DATASET RECORDS:
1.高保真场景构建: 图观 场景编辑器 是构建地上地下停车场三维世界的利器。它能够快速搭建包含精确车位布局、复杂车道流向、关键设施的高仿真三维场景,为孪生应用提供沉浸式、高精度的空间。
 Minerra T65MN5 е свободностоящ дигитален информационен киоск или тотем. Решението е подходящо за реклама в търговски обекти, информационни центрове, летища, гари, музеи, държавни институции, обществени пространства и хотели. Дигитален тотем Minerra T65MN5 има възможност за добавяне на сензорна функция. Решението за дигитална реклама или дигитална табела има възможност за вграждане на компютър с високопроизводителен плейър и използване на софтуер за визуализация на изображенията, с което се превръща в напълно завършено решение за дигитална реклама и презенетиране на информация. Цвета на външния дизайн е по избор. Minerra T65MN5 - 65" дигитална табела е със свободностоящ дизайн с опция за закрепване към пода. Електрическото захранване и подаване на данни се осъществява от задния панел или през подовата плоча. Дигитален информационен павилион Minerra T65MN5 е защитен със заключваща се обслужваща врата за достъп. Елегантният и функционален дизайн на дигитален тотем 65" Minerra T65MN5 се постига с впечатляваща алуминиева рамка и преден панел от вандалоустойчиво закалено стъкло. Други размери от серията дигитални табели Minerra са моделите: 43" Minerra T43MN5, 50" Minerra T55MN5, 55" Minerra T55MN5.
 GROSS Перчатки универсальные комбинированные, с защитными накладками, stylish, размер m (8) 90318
...
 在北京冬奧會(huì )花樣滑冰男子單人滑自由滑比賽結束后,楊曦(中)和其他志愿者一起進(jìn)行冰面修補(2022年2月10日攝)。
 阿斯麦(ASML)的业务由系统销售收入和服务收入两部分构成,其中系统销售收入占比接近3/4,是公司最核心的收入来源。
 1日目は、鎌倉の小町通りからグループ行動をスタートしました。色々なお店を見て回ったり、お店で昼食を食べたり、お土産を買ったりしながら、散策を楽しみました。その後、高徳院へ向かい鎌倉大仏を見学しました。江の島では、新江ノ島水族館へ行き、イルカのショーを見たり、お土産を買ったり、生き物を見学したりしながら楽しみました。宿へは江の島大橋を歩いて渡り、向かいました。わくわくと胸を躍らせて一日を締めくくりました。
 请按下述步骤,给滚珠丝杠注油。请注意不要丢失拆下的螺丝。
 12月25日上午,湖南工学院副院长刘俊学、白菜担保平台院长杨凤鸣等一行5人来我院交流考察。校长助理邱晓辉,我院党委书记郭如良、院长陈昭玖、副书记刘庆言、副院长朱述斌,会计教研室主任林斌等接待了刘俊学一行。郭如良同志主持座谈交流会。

TASK TO COMPLETE: Among the entries above, copy exactly only the lines starting with the one containing "请按下述步骤,给滚珠丝杠注油。请注意不要丢失拆下的螺丝。" and going through the one containing "12月25日上午,湖南工学院", both ends included.

RESPONSE AREA:
 请按下述步骤,给滚珠丝杠注油。请注意不要丢失拆下的螺丝。
 12月25日上午,湖南工学院副院长刘俊学、白菜担保平台院长杨凤鸣等一行5人来我院交流考察。校长助理邱晓辉,我院党委书记郭如良、院长陈昭玖、副书记刘庆言、副院长朱述斌,会计教研室主任林斌等接待了刘俊学一行。郭如良同志主持座谈交流会。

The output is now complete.